Tinkering With A Vintage Macintosh: Part 1
Hatkirby on September 9th, 2015 at 1:00:00amRecently, I came into possession of an original Macintosh 128K; you know, the January 1984 Macintosh that was previewed to the world by a confusing but extremely memorable SuperBowl ad involving a sledgehammer entering Bill Gates's face. The moment I laid my eyes on this beautifully old piece of hardware, there was but one thought in my mind: I have to write a retro platformer for this thing.
This statement doesn't require too much elaboration, but I will remind the world about my still-in-progress game "Aromatherapy", which was supposed to be an exploration platformer that twanged at one's retro heartstrings by presenting itself as the screen of a CRT monitor. An idea I was particularly proud of in the conception of Aromatherapy was that the monitor was supposed to start glitching and breaking more and more as you advanced in the game. A lot of the idea was based around how much nostalgia I have for a time period of computing I did not even live through. While I haven't worked on Aromatherapy in some months now (since March), I am interested in continuing work on it again when inspiration strikes me again. Until then, I've decided to occupy myself with a perhaps even more inane venture.
So, there's the goal: write a platformer for the Macintosh 128K. Whether or not this platformer runs on the Mac OS or is just 68k assembly inside a beautiful Macintosh box is yet to be decided. However, for this post, I have decided to focus on a slightly smaller goal: getting the Macintosh to boot. Therein lies the first problem of this post:
Problem 1: I do not have a Macintosh 128K system disk.
Now, it is possible that the simplest and most reasonable thing to do here would be to go on to eBay and try to buy myself a system disk, but that sounds extremely boring and we will not consider the thought of it for another moment. Besides, a lot of what I will describe in this post lays the groundwork for tools we will find necessary in upcoming posts. No, what I'm going to do here is make myself a system disk.

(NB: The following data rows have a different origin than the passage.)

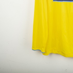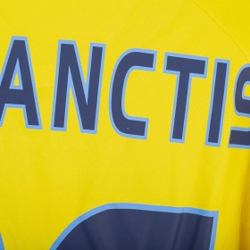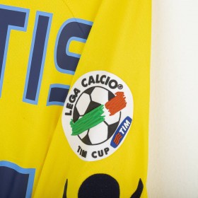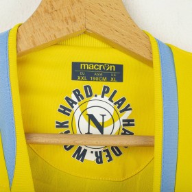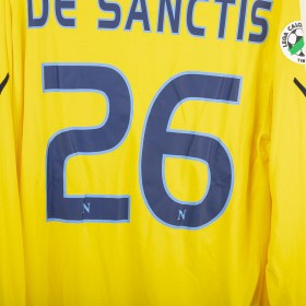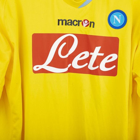 Maglia da portiere del Napoli stagione 2009/2010, prodotta da Macron. Colore giallo con dettagli celesti su colletto e bordi maniche. Sponsor tecnico Macron ricamato sul petto. Sponsor principale Lete applicato in stampa sublimatica al centro. Stemma SSC Napoli cucito lato cuore. Patch Lega Calcio TIM Cup cucita sulla manica destra. Retro con nome De Sanctis e numero 26 in stampa blu bordata di celeste. Versione a manica lunga. Vestibilità regolare. Taglia XXL.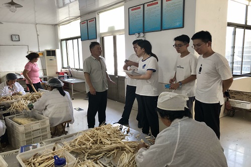 王雨萌:在实践过程中印象最深刻的莫过于参观小微扶贫站点。在小微扶贫站点工作的村民大多在60岁—80岁,他们的主要工作是刮桔梗皮、给桔梗劈丝,平均一天能挣70元,平均下来一个月能挣两千多元。这样一听感觉他们挣得其实不算多,一般我们大学生一个月的生活费少则一千多则两千,但是要知道,原来他们光靠着种地生活,一年到头也只能挣两三千元,而对于如今时代而言一年只能挣几千是很不可思议的。但有了扶贫政策,有了扶贫岗位,他们现在一年能挣一两万,平时花销不太大的话还能为后代攒下一些钱,这非常触动我们。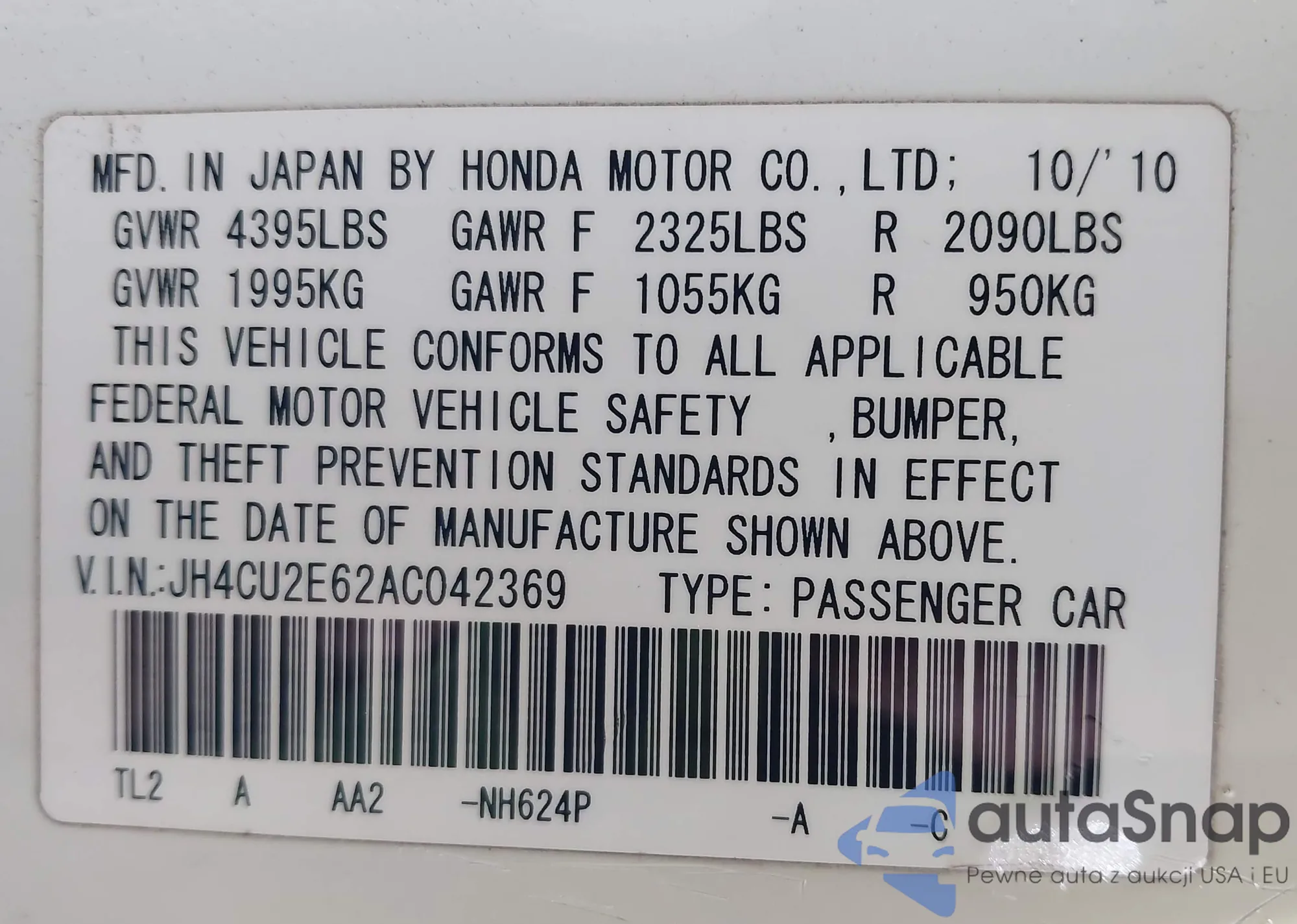 • VIN JH4CU2E62AC042369

Everything I describe in this post is liable to be a function of the exact hardware and software I am in possession of. Here is the hardware that I will be using:
- Macintosh 128K (January 1984; the November 1984 model should also work)
- Powerbook 145B (what is relevant here is the existence of an Apple "SuperDrive", and the ability to run System 7)
- MacBook Pro 9,2 (mid-2012 with CD drive)
- Sony USB Floppy Disk Drive
- Techworks 3.5" 1.44MB Floppy Disks
- Memorex 3.5" 1M 2S/2D Floppy Disks
Here is the software that I will be using:
- Mac OS X 10.10.3 (Yosemite)
- System 7.1
- Disk Copy 6.1.3 (download, original)
- FUSE for OS X 2.8.0 (download, original)
- FuseHFS for OSXFUSE 0.1.4b (download, original)
- System 2.0 Finder 4.1 Disk Image (download, original)
- Stuffit Deluxe 4.01 (download, original)
We return to the problem statement. I have a Macintosh 128K and no system disk. My first thought was to just download a disk image from the internet (which I did) and then
dd
it onto a floppy disk. There are a few problems in the second part of that thought. The Macintosh 128K is only capable of reading from a 400K floppy disk.NOTE: This post was sitting in my drafts folder, incomplete. I didn't want to let it fester, so here it is.